[LISTED ENTRIES]
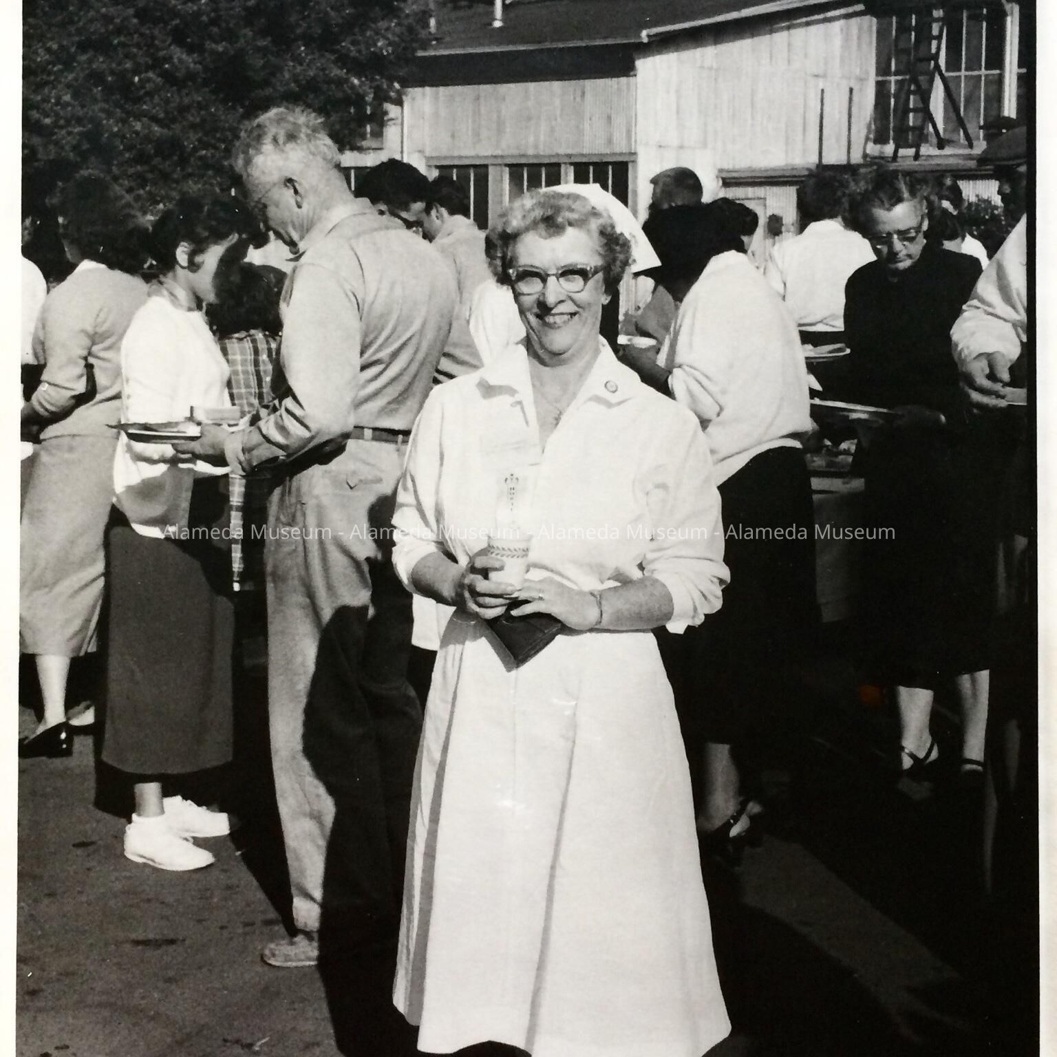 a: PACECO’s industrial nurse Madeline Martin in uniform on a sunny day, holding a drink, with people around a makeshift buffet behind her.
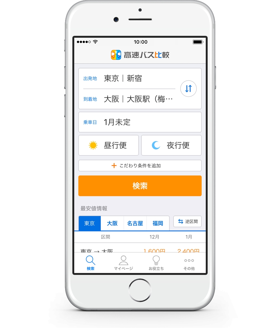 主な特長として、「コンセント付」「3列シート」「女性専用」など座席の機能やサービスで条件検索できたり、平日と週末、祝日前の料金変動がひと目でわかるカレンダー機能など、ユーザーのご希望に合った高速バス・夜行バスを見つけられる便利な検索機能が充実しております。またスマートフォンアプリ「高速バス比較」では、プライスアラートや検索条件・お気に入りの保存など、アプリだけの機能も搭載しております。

...

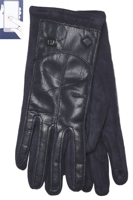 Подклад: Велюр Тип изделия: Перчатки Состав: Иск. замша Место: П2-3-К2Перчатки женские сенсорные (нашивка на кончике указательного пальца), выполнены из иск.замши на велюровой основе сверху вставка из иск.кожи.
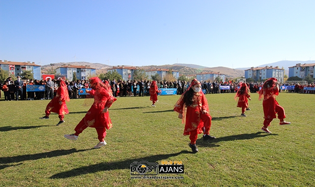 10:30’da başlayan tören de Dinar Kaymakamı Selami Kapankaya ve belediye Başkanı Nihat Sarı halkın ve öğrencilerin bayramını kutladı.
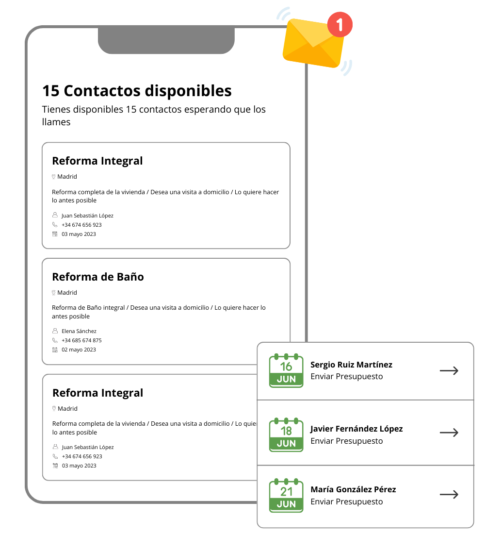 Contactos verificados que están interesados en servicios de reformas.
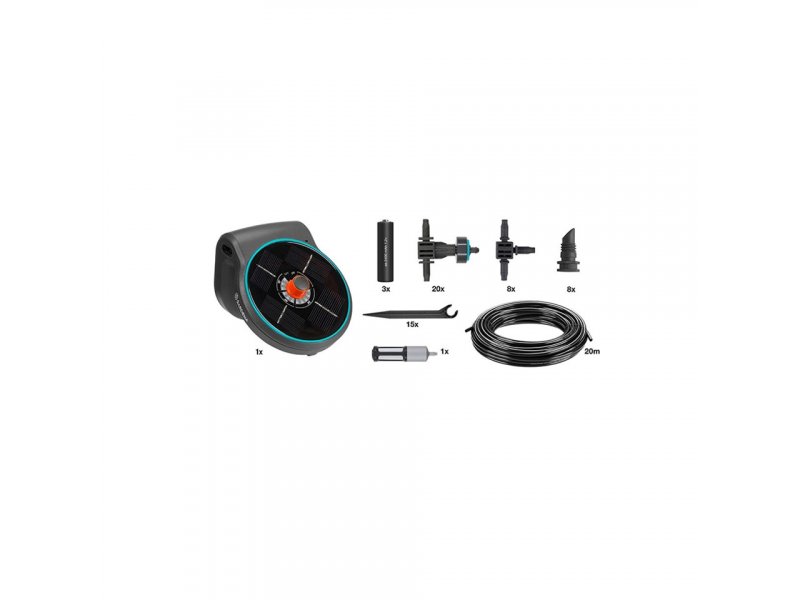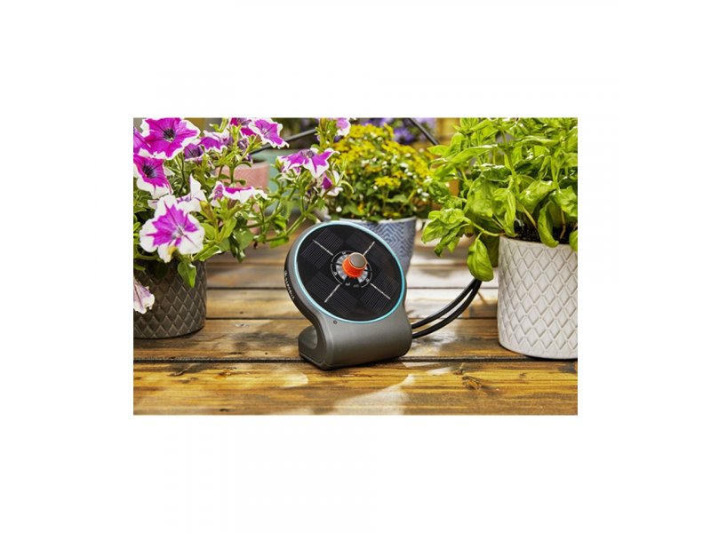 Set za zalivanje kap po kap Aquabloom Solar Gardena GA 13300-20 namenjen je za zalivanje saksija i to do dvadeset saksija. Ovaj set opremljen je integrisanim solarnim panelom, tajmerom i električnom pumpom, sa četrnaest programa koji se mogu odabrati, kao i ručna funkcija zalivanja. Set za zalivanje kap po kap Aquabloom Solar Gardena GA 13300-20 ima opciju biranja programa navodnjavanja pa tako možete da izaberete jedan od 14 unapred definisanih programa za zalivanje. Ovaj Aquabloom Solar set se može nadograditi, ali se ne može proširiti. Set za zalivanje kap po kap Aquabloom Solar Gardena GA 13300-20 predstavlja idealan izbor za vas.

[TASK STATEMENT] In the listing above, find the line containing "Подклад: Велюр Тип" and the line containing "Contactos verificados que", then output those two lines and everything between them exactly as written, without the images.

[SOLUTION FOR THIS PROBLEM]
 Подклад: Велюр Тип изделия: Перчатки Состав: Иск. замша Место: П2-3-К2Перчатки женские сенсорные (нашивка на кончике указательного пальца), выполнены из иск.замши на велюровой основе сверху вставка из иск.кожи.
 10:30’da başlayan tören de Dinar Kaymakamı Selami Kapankaya ve belediye Başkanı Nihat Sarı halkın ve öğrencilerin bayramını kutladı.
 Contactos verificados que están interesados en servicios de reformas.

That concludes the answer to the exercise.